二人の背中
ベッドの中でレオに後ろから抱きしめられながら、ずっと気になっていたことを呟く。
「最近またよくアヤメ殿下と会ってるよね」
レオは公式非公式問わず最近よくアズマに出向く。アヤメ殿下も頻繁にロミテイに来る。二人の間では手紙もよくやり取りしているようだ。将来の国王同士、何か私には明かせない相談があるのかもしれないと割り切っているつもりだけれど、気になる。
「仕事だ」という少し眠そうな声が私の髪にかかって、体に回されている腕の力が強くなる。
「わかってる」
「けど?」
レオは私をひっくり返す。面白そうな顔をしているのが腹立たしい。私がムッとした顔をすると、レオは「気になるんだな」と自分で答えを続けた。
「嫉妬か?」
図星。
だって、アヤメ殿下は素敵な方だから。たおやかで妖艶な外見とは違って心の中は熱くて勇ましくて、目的のために国すら飛び越えて行動できて、工場の件だって提案してくれて。私にはない力をたくさん持っている方だ。
「そうだよ、気になる。やきもちだよ」
「妬いてくれるとは嬉しいね」
「はぐらかさないでよ」
「そんな目で見るな」
「どんな目?」
苦笑しながら「俺のガードを崩す目だ」とレオは首を振った。
「…まだ公式には言えないが、アズマを含めた近隣諸国いくつかとの間で、不戦条約を締結したいと考えてる。俺とアヤメが発案者で。今アヤメと会う機会が多いのはそのためだ」
「不戦条約って、つまり、”戦争をしない”という条約?」
「そうだ」
「戦争がない世の中になればいいな」と思ったことはあったけど、「そんなことは無理だ」「戦争があることが普通」と半分諦めていた私には、「問題は戦争ではなく話し合いで解決する」と定める条約の締結なんて目から鱗だった。それも、今現在同盟を結んでいる二国間ではなくて、複数の国で一緒にひとつの条約に調印するという。実現すれば、戦死する兵士も、戦争に巻き込まれて死ぬ一般市民も大幅に減る。

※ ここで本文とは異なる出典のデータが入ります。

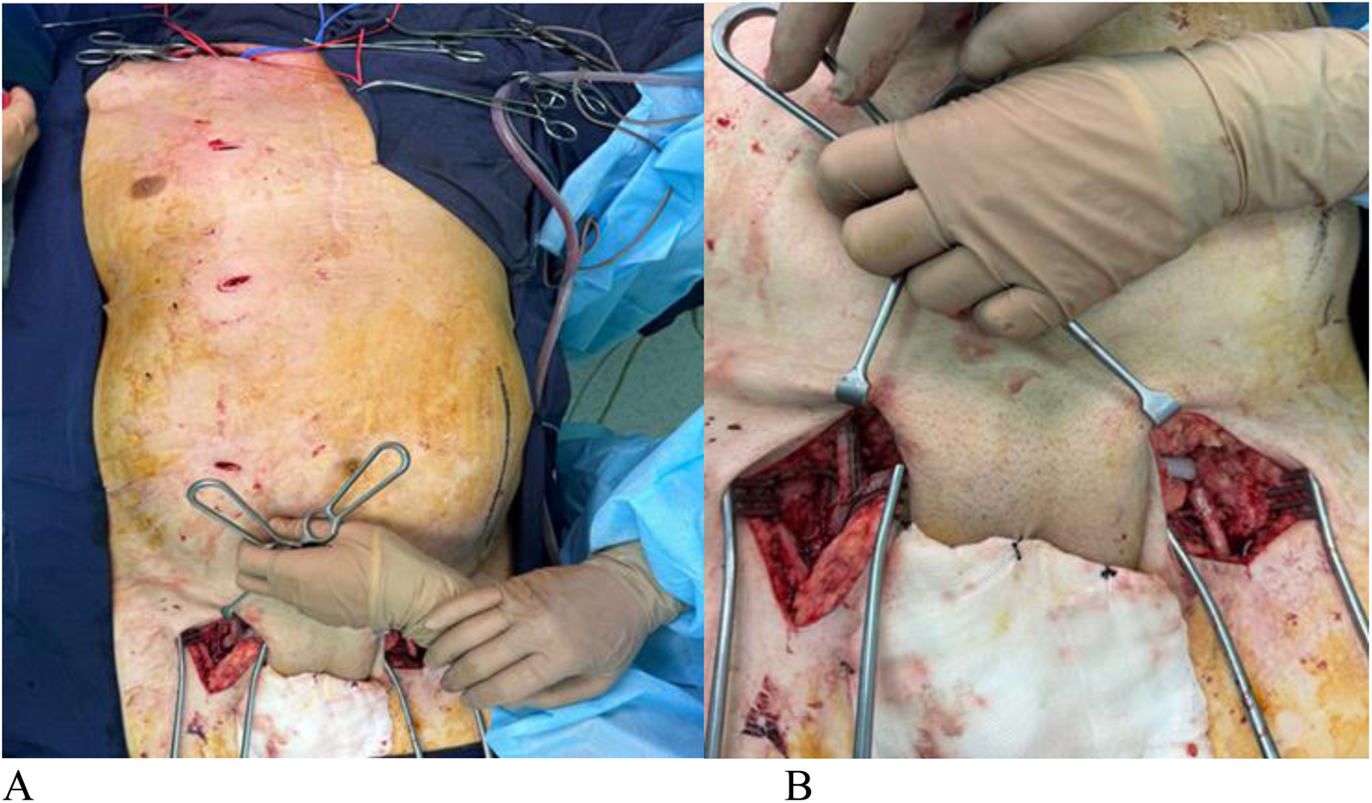 On the right side, clamps were applied to the common femoral, deep femoral, and superficial femoral arteries, and a proximal anastomosis with a 7 mm “Vascutek” allograft was created in an end-to-side configuration with the common femoral artery, using 6/0 Prolene sutures. Once the anastomosis was complete, clamps were removed from the right-side arteries (Figure 3A). The allograft was tunneled subcutaneously over the pubic bone. On the left side, clamps were similarly applied to the common femoral, deep femoral, and superficial femoral arteries. An arteriotomy was performed on the left common femoral artery above the origin of the deep femoral artery, and a distal anastomosis with an 8 mm “Vascutek” allograft was created, again using 6/0 Prolene sutures. After ensuring satisfactory blood flow and preventing air embolism, the clamps were removed, and satisfactory pulsation was observed below the anastomoses on both sides (Figure 3B).

「戦争で儲けてる金持ち連中からは猛反発を食らうだろうが」
その通り。だって、戦争は一大ビジネスだ。それくらいは私でも知ってる。
一度戦争が起これば、武器や兵糧の売り買い、戦債の発行、戦後の復興需要や賠償金まで、巨額のお金が動く。その中には、そこで甘い汁を吸おうとする金の亡者がうんざりするほどたくさんいるのだ。負ければ負けを取り返すために次の戦争が必要になるから、戦争はなくならない。
「自国の防衛のため」「王位継承権を巡って」「領地の拡大」「祖先が住んでいた土地を取り返す」「宗教の違い」「犯罪組織の撲滅」…もっともらしく聞こえるものからいかがわしいものまで、大義を掲げて戦うふりをして、人々の命と生活を犠牲にして、戦場にも出ない連中がよってたかって金儲けをしている。大義どころか、愛国心もロマンもない。
「戦争のループを断ち切りたい。今がチャンスだ」
今、ロミテイの北にある北部諸国では二十年間続いた長い長い戦争が終わったところ。国土は荒廃し、国民は戦争に辟易し、国全体が疲弊している。世論を味方につけて条約を実現するには、言葉は悪いがこれ以上ないタイミング。だからレオとアヤメ殿下はがむしゃらになっているのだった。
「そうだったの…」
この条約が締結されたら、世界が変わる。私の夫が、世界を変える。
そんなことを考えられて、しかも実行に移そうとしているレオもアヤメ殿下もさすがだ。私は、やっぱり二人には遠く及ばない。二人には、私には見えないものが見えている。私が見られない風景を、二人並んで見つめているんだ。
「素晴らしい考えね。私も何か手伝えたらいいけど」
私はお呼びでない。
どうしよう。感動で震えるくらいのいい話のはずなのに、今、私の心はすごく痛い。世界平和よりも、目の前の夫に手が届かないことのほうが気になるなんて。
レオはずっとずっと遠いところまで進んでしまっていて、彼の背中しか見えない…そんな気分になってしまう。レオとの距離が、どんどん広がっているみたいに感じる。
そして、遠くに見えるレオの背中の隣には、アヤメ殿下の姿があるのだ。
同じベッドの中で抱き合っているのに、すごく寂しい。
「どうした?条約のことを聞いたらもっと喜ぶと思ったのに」とレオの不思議そうな声がする。
「喜んでるよ。すごくね」
喜んでるのは嘘じゃない。でも同時に劣等感と疎外感も感じてる。こんな気持ちは、レオに気づかれたくない。恥ずかしい。紫の瞳に心を見透かされないように、私はレオの胸に顔を埋めた。